Is Technology Killing Capitalism?

Posted by in categories: biotech/medical, economics, habitats, information science, particle physics, robotics/AI

Is Market Capitalism simply an accident of certain factors that came together in the 19th and 20th centuries? Does the innovation of economics require a new economics of innovation? Is the study of economics deeply affected by the incentive structures faced by economists themselves, necessitating a study of the “economics of economics”? In this broad ranging interview INET Senior Economist Pia Malaney sits down with Eric Weinstein — mathematician, economist, Managing Director of Thiel Capital (as well as her co-author and husband) to discuss these and other issues.

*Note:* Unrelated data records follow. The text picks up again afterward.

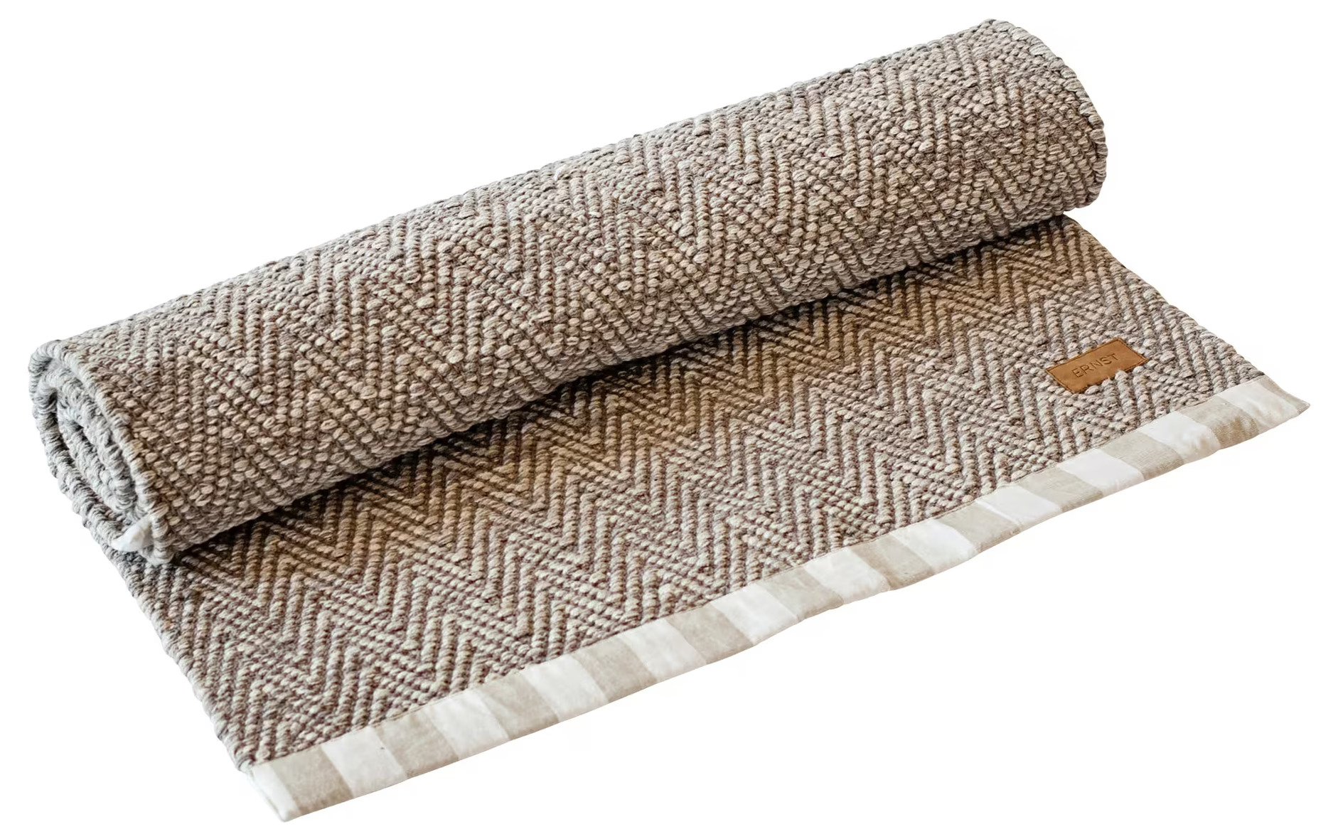 Texturen på ytan har en intressant, upphöjd struktur som påminner om ett klassiskt zigzag- eller chevronmönster. Detta mönster är både stilrent och tidlöst, vilket gör mattan lämplig för olika inredningsstilar. På den vänstra sidan, där mattan är hoprullad, framhävs den täta vävstrukturen som talar för dess kvalitet och hållbarhet. Den robusta känslan antyder att mattan är lämplig för både högre trafikytor i hemmet, såsom hallar eller vardagsrum.
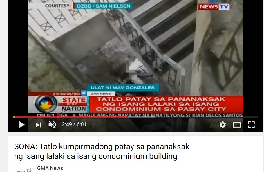 ▲女子與男友發生爭執後,從16樓被狠推下樓,摔死在地下室裡。(圖/翻攝自GMA News的YouTube)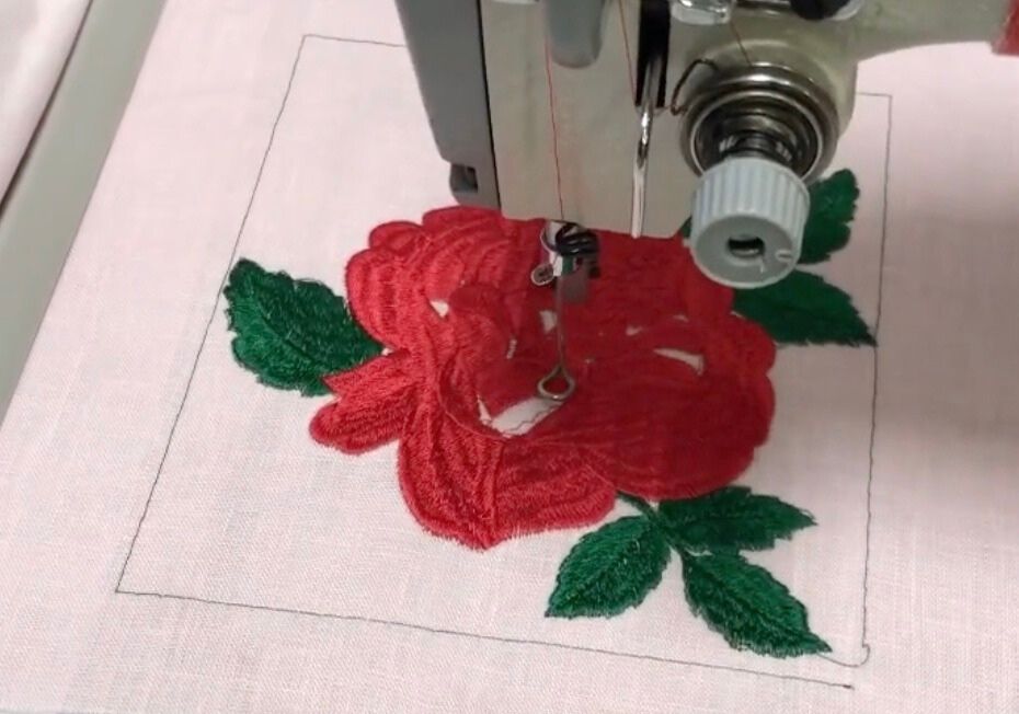 - Circle and hibiscus-inspired embroidery with eyelet accents

Underlying the seismic shifts in the economy in the last ten years, Dr. Weinstein sees not just a temporary recession brought on by a housing crisis, but rather deep and fundamental shifts in the very factors that made market capitalism the driving force of economic growth for the past two centuries. The most profound of these shifts as Dr. Weinstein sees it, is an end to 20th century style capitalism brought about not by a competing ideology, as many had once feared, but instead by changing technology. As production is driven increasingly by bits rather than atoms, he sees the importance of private goods give way to public goods, undermining a basic requirement of market models. In a different line of thinking, as software becomes increasingly sophisticated it takes on the ability to replace humans not only in low level repetitive tasks but also, with the use of deep learning algorithms, in arbitrarily complex repetitive tasks such as medical diagnosis.